We lost a part of our Justin along the way. In moments like these, when I just want to let go of all hope and faith, I hang on tighter. It seems almost unreasonable and irrational to do otherwise. I have to believe that all that has happened to this innocent, unknowing child has all happened for reason. The Great Physician has a plan and I must let it be.
I would be lying if I said I am not sad. I am. Our hopes and dreams of what Justin could have been (a champion golf player, a doctor) died with that small part of his brain.
But, sadness does not overwhelm me because I still have him today.
So, we hope that in a few days, we’ll be able to pack our bags (and our little Justin into his carseat), head home, and start our new lives together.
Remember that scar that everyone was so concerned about in the beginning? You see why it is the least of our worries? There are far more obstacles Justin must face than the superficial. And, those things we pride ourselves over–sigh–those are nothing because they cannot give us that true joy and sense of accomplishment that our little Justin can.
If there is one message I’d like to impart upon you all today, it is: do not take your children for granted. They are these special human beings that need you and love you. The fact that they’re so young, with they’re whole lives ahead of them, that there will be plenty of missed opportunities to make up is no guarantee.
I’d give anything to have that sense of security that tomorrow, when I wake up, Justin will be there. Watching him graduate from college in his cap and gown, dancing a mother/son dance at his wedding, are things that I speak of, but always in fear of never experiencing.
I suppose regardless of his condition, that fear will always be true. My life on this earth is no guarantee either. Whether or not he’ll choose to go to college or decide to marry is no guarantee. The future is no guarantee.
As much as it hurts sometimes to prepare for a future that would include Justin, we do. That worry of whether he’ll be there in that future cannot stop us from our pursuing our endeavors in work and in life to create the best possible for Justin.

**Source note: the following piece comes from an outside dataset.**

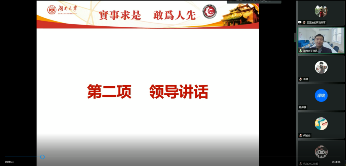 最后,全体学员线上观看《山河岁月》第三集——《湘江北去》。创新创业教育中心党支部入党积极分子顾译心说:1974年,最后一次到长沙的毛泽东已经81岁高龄,公务之余,他执意要去看看湘江,人们无从知道毛泽东当时的心情,但人们相信,壮阔的湘江一定是他生命中最难忘的一条大河。山河岁月第三集《湘江北去》由此切入,讲述了中国共产党创建者之一的毛泽东,在其主编的《湘江评论》上寻找真理,传播、介绍新思想和探索改造社会的道路。让百年前支离破碎的山河在今天重现它的璀璨光辉,百年的岁月一天天走向更加繁荣富强,如果没有中国共产党的领导这是难以想象的。因此,我们在党史学习中,要坚持用党的革命精神照亮前行之路,用如磐初心凝聚奋斗力量,为开启全面建设社会主义现代化国家新征程凝心聚力。气壮山河,风云岁月,人民英雄,永垂不朽。美丽中国,江山如画,百年初心,人民至上!本科生工程第一党支部发展对象杨婷说:“独立寒秋,湘江北去,橘子洲头”。今天我们在结业仪式上观看的山河岁月第三集集名《湘江北去》便出自这首《沁园春·长沙》。在纪录片中,我看到了毛泽东及其同学等“风华正茂,书生意气,挥斥方遒”的青年风貌,“指点江山,激扬文字”的豪情壮志。正是因为有他们这样的有志向、有才华的青年,才有如今的共产党,如今的中国。因此,青年当立志,青年当自强,青年当为实现中国伟大复兴的梦想而奋斗。今天观看纪录片,却仿佛在与100年前的青年毛主席在交流。100年前身为青年的他在为拯救中国探索出路,100年后的今天,在座的青年都在为实现中国伟大复兴努力学习,贡献自己的力量。身为新时代的青年应当担负起民族大任,应该与祖国同向同行,始终在祖国需要的时候挺身而出,始终为建设富强美好的祖国而奋斗!

Only a small percentage of children experience some damage to the brain when undergoing heart surgery. My son, Justin, with all the odds against him with his physical condition already, had to fall within that small category. The three main risks of open heart surgery are: bleeding, stroke, and death. Justin’s experienced 2/3 already. Am I fearful of what the next heart surgery may bring? Definitely. But, I’m pushing on, letting go of the past, hanging on to today, and dreaming of the future.
We’ve hit a bump, it’s slowed us down a bit, but we’re moving forward with greater momentum. That’s all we can do…keep moving forward.
Please continue to pray for us and our family. Thank you.